**What you need to do**.
Every entry below should be printed exactly, without its images.

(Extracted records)
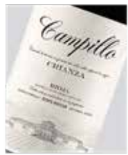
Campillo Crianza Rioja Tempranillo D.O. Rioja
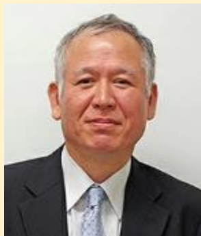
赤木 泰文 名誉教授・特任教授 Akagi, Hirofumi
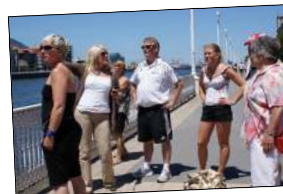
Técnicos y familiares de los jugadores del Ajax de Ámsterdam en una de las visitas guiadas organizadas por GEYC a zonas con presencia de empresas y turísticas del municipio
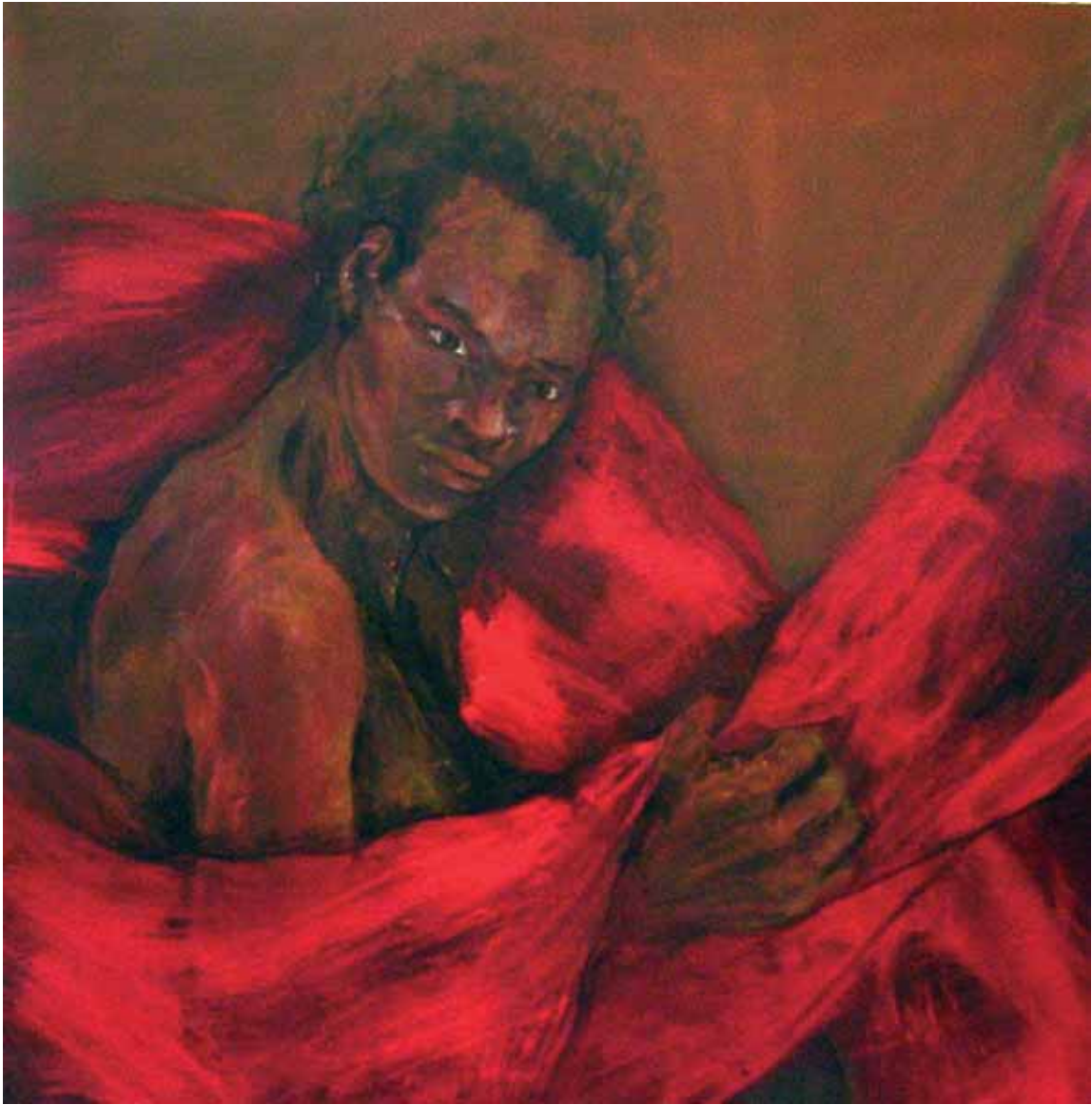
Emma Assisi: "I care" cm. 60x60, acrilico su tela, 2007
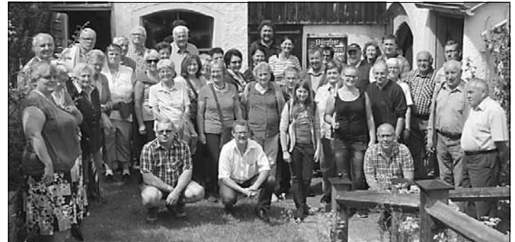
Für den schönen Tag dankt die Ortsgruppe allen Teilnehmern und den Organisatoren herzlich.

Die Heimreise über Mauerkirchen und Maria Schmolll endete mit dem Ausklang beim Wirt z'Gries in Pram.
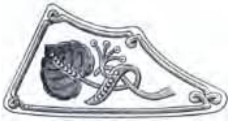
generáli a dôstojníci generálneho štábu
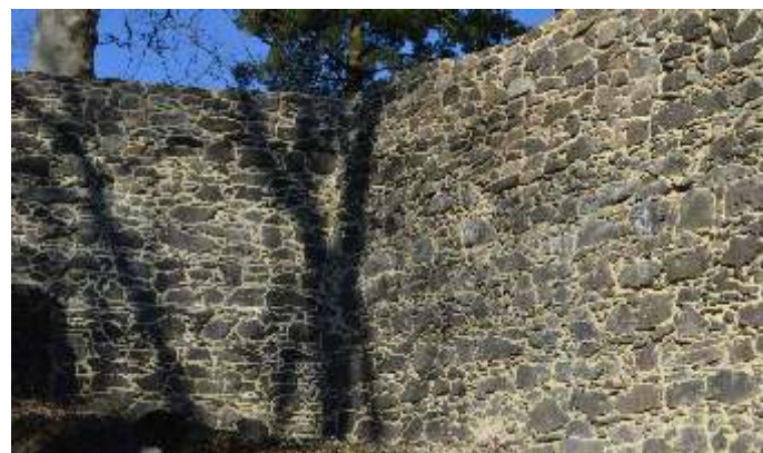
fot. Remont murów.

**Output of the task**.
Campillo Crianza Rioja Tempranillo D.O. Rioja
赤木 泰文 名誉教授・特任教授 Akagi, Hirofumi
Técnicos y familiares de los jugadores del Ajax de Ámsterdam en una de las visitas guiadas organizadas por GEYC a zonas con presencia de empresas y turísticas del municipio
Emma Assisi: "I care" cm. 60x60, acrilico su tela, 2007
Für den schönen Tag dankt die Ortsgruppe allen Teilnehmern und den Organisatoren herzlich.

Die Heimreise über Mauerkirchen und Maria Schmolll endete mit dem Ausklang beim Wirt z'Gries in Pram.
generáli a dôstojníci generálneho štábu
fot. Remont murów.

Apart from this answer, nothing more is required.